Historically with vectorizing compilers, a data type can have its members turned into scalars with a "scalar replacement of aggregates" optimization pass. Once a data type has become scalars, its members can live in registers vs. being forced to standard data layout and being kept on the stack. This is important to minimize the movement between stack and registers when vectorizing as that is when an AOS/SOA transformation might be required and generate extra instructions. One thing that can disqualify SROA is passing the address of the structure to a function call, as that would require the standard data layout and the object exist on the stack vs registers.
Now the wrinkle is the "default" copy constructor and possibly other default operators is that a compiler could implement a memcpy(*this, &src, sizeof(T). And the taking the address of "src" could disqualify SROA and end up forcing it to exist on the stack in standard data layout.
Perhaps another optimization pass would convert the memcpy to assignments before SROA is applied, but those can often be specialized (just for 2 or 3 data members in a specific pattern). So defensive programming technique was to explicitly provide those constructors and operators with member-wise assignment/copies vs. letting the default possibly use memcpy/memset.
Now fast forward many years and std::is_trivially_copyable was introduced in c++11 and then compilers/libraries start adding it to memcpy and other places with warnings, etc.
In short I think you might want to keep both ways of having those default or not controllable by a define.
Thank you for your advices. I'll fix to keep both ways.
I fixed codes following an advice, but an assertion error occured. One of the causes seems that return Vec2 (x / l, y / l)
in Vec2::normalized behaves strangely.
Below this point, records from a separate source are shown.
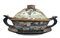 Zuppiera in porcellana con coperchio e piatto.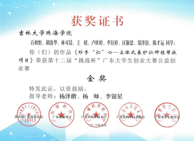 “挑战杯”广东大学生创业大赛公益创业赛 金奖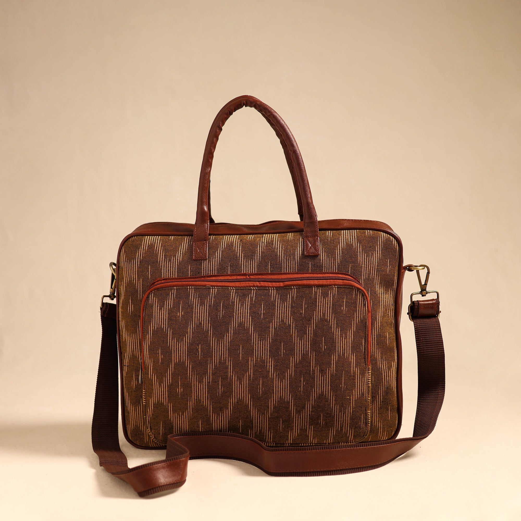 •  Brown Handmade Pochampally Ikat Laptop Bag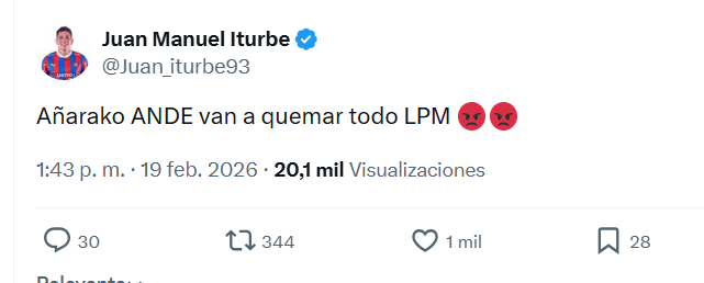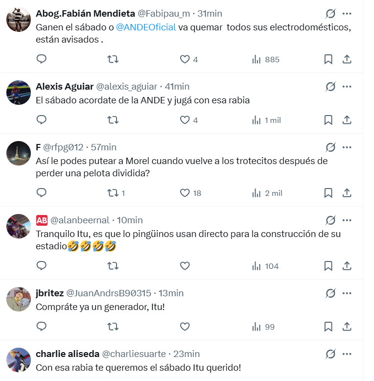 «Añarako ANDE, van a quemar todo LPM», escribió en su cuenta de X y en minutos encendió a sus seguidores que le dejaron todo tipo de comentarios. En su mayoría fueron cerristas los que le escribieron que entre con esa misma rabia el sábado en el clásico.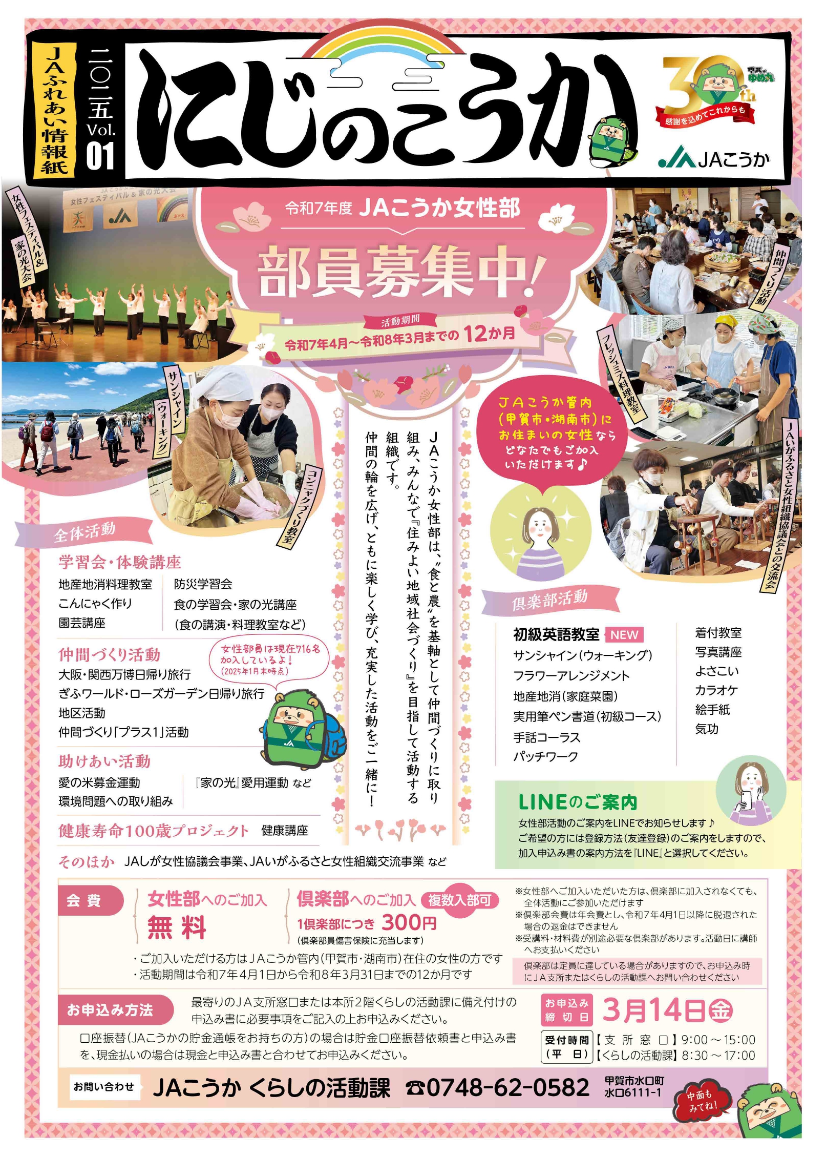 JAふれあい情報紙『にじのこうか』2025 vol.1 を公開! 令和7年度女性部員大募集/じゃがいものプランター栽培/花野果市通信(直売所出荷者紹介)/旬のスイーツレシピ/読者プレゼント!

Unfortunately, I couldn't fix it.
I found that only changing copy constructor from user-defined to default caused an assertion error, so I give up making Vec3
trivially relocatable.
Thank you very much!
Here is the summary as I understand it:
Using =default
makes it trivially moveable, and that might have a number of advantages for the vast majority of users.
But there are a few specialized situations where it could sabotage certain auto-vectorization cases. Those situations can be locally fixed if there's a way to include the header files in such a way that it doesn't use the =default versions in a module-local way (say, by defining a symbol before including the Imath header). OSL is one of these. If Imath itself does not allow this, we might have to do something even uglier like replicate the Imath headers inside OSL and modify them to allow it.
I'm sorry, but what is OSL?
Open Shading Language
Thank you!
We discussed this in today's technical steering committee meeting. We support this addition in principle, the ultimate objective seems sound, but we're concerned about adding additional complexity through another batch of #if's in the code without a thorough analysis of the benefits. As @AlexMWells points out, the actual performance impact is complicated to assess for all cases.
@sukeya, can you describe more about the motivation for the change? Was this motivated by a specific use case? Did you do a performance analysis that quantifies the impact?
We also discussed briefly whether the same objective could be achieved by adding the trivially_relocatable attribute to the class definition itself, rather than adding new class methods.
We are planning a v3.2 release in mid-August, which will be cut from the main branch, so we'd like to wait until after that before merging the PR. That will provide more time for evaluation before official release.
Thanks for the contribution and thanks for your patience.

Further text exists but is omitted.